The developer community roundly shot down the idea. What you say about C++ compilers was true in spades with respect to the g++ of those days.
(!) [Pradeep] What is the status of g++ today? I still see a performance hit when I compile my C programs with g++. Compilation time is also a major factor. g++ takes lot of time to compile especially with templates.
(!) [JimD] I'm sure that the authors would argue that "better programming and design techniques" (undoubtedly on their aggenda for their next NSF grant proposal) would result in less of this "common" coupling and more of the "elite" coupling. (Personally I have no problem coupling with commoners --- just do it safely!)

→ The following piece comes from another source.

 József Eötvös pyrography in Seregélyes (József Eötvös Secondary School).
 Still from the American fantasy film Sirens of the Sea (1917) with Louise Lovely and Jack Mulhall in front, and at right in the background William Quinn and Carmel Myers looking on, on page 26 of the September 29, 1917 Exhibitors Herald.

As for writing "parts" of Linux in C++ --- there is the rather major issue of identifier mangling. In order to support polymorphism and especially function overloading and over-riding, C++ compilers have to modify the identifiers in their symbol tables in ways that C compiler never have to do. As a consequence of this it is very difficult to link C and C++ modules. Remember, loadable modules in Linux are linkable .o files. It just so happens that they are dynmically loaded (a little like some .so files in user space, through the dlopen() API --- but different because this is kernel space and you can't use dlopen() or anything like it).

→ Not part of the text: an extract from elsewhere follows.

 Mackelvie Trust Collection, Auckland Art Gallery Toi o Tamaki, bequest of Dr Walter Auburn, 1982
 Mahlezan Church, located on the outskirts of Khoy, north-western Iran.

I can only guess about how bad this issue would be but a quick perusal of the first C++ FAQ that could find on the topic:
... doesn't sound promising.
(!) [JimD] I'm also disappointed that the only quotations in this paper were the ones of Ken Thompson claiming that Linux will "not be very successful in the long run" (repeated TWICE in their 15 page paper) and that Linux is less reliable (in his experience) than MS Windows.

(?) [Jason] I'm reminded of a quote: "Linux is obsolete" -- Andrew Tanenbaum. He said this in the (now) famous flame-war between himself and Linus Torvalds. His main argument was the micro-kernels are better than monolithic kernels and thus Linux was terribly outdated. (His other point was that linux wasn't portable.) BTW, I plan to get my hands on some Debian/hurd (Or is that "GNU/hurd"? :-) ) CDs so I can see for myself what the fuss over micro-kernels is all about.

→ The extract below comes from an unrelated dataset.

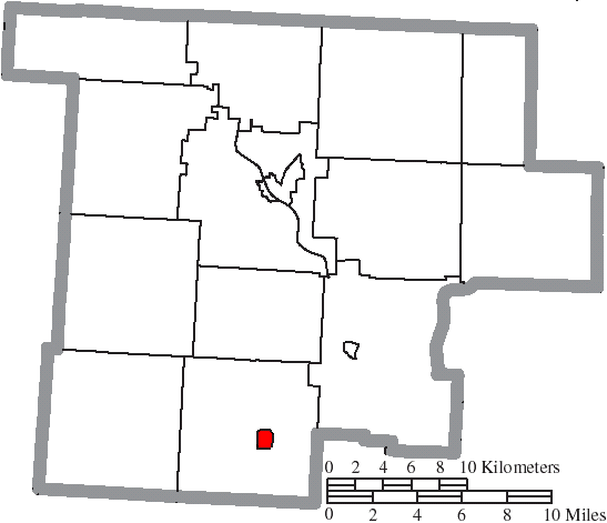 Map of the municipal and township boundaries of Morgan County, Ohio, United States, as of the 2000 census, with the location of the village of Chesterhill highlighted. Township borders are shown only in unincorporated areas in order to differentiate incorporated and unincorporated areas more clearly.
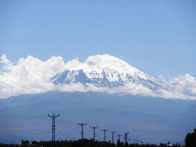 Agri Mountain from Igdir

(!) [JimD] Run MacOS X --- it's a BSD 4.4 personality over a Mach microkernel.
(And is more mature than HURD --- in part because a significant amount of the underpinnings of MacOS X are NeXT Step which was first released in the late '80s even before Linux).
(!) [Ben] To quote Debian's Hurd page,


The Hurd is under active development, but does not provide the performance and stability you would expect from a production system. Also, only about every second Debian package has been ported to the GNU/Hurd. There is a lot of work to do before we can make a release.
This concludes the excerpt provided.